The properties of visible light are frequency, wavelength, and intensity. Within the specific spectrum, humans perceive light with different frequencies, wavelengths, and intensities based on the following colors: red, orange, yellow, green, blue, indigo, and violet. Of course, a typical light would appear white but when it passes through a prism or similar material with prism-like properties, it separates into individual bands. The best natural example is a rainbow.
5. Ultraviolet Radiation: Most of the ultraviolet radiation on Earth comes from the Sun. It represents EM radiation with wavelengths between 10nm and 400nm, and frequencies between 30 PHz and 750 THz. There are also specific subtypes of UV radiation: UVA, UVB, and UVC rays. Only UVA and UVB pass through the atmosphere.
Overexposure to sunlight is harmful to the skin and overall health because of the adverse effect of UV radiation. UVA rays and UVB rays have different effects: the latter can cause sunburn and can result in direct DNA and RNA damage while the former has been linked to photoaging and indirect damage to DNA and RNA. These harmful effects necessitate the use of sunscreens with broad-spectrum protection, wearing protective clothing, and minimizing exposure to sunlight.
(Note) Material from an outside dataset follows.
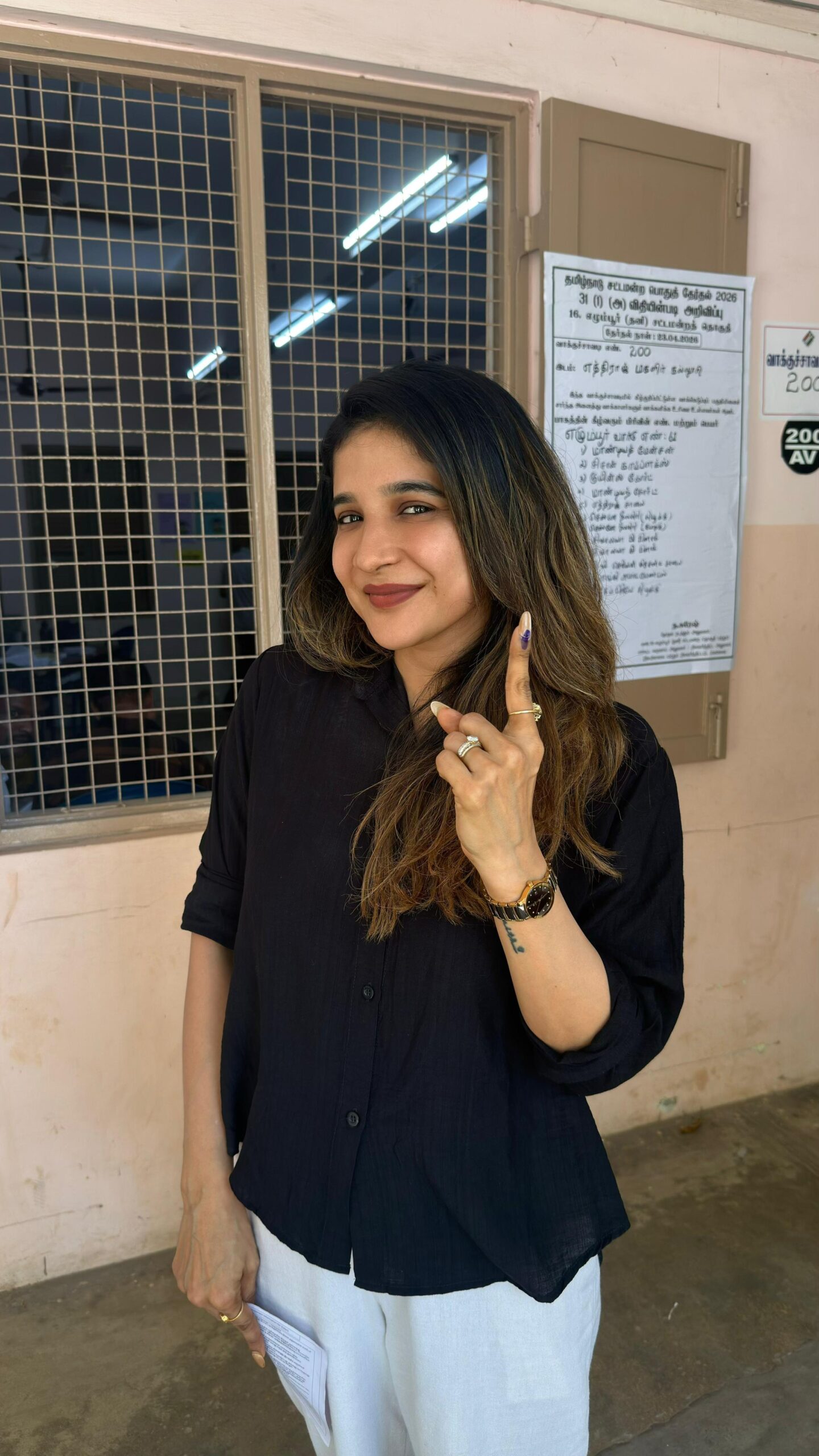வரலட்சுமி சரத்குமார் அவர்கள் சென்னை கோட்டூர்புரம் AMM பள்ளியில் தனது வாக்கை பதிவு செய்தார்.

6. X-Radiation or X-Rays: Next to ultraviolet radiation in the electromagnetic spectrum are x-rays or x-radiation. They are high-energy EM radiation that can penetrate a number of objects, including human tissue. Their wavelengths range from 10 pm to 10 nm and their frequencies are between 30 PHz and 30 AHz.
This type of EM radiation has seen wide application in medical imaging technologies such as projectional radiography, computed tomography, and fluoroscopy. Because they are a form of ionizing radiation, they are also used in a specific medical treatment called radiation therapy to target and kill malignant tissues and cells.
7. Gamma Rays: At the end of the electromagnetic spectrum are gamma rays. They have the shortest wavelengths and highest frequencies within the spectrum. Furthermore, they are a specific form of ionizing and penetrating EM radiation emerging from the radioactive decay of atomic nuclei. Other sources include thunderstorms, solar flares, cosmic rays, pulsars and magnetars, active galaxies, and quasars.
Note that gamma rays and x-rays overlap in the EM spectrum. The use of these two terminologies tends to differ between scientific disciplines. Nevertheless, because they are ionizing radiation similar to extreme UV, soft x-rays, and hard x-rays, they are biologically hazardous. Exposure to gamma rays can result in organ damage.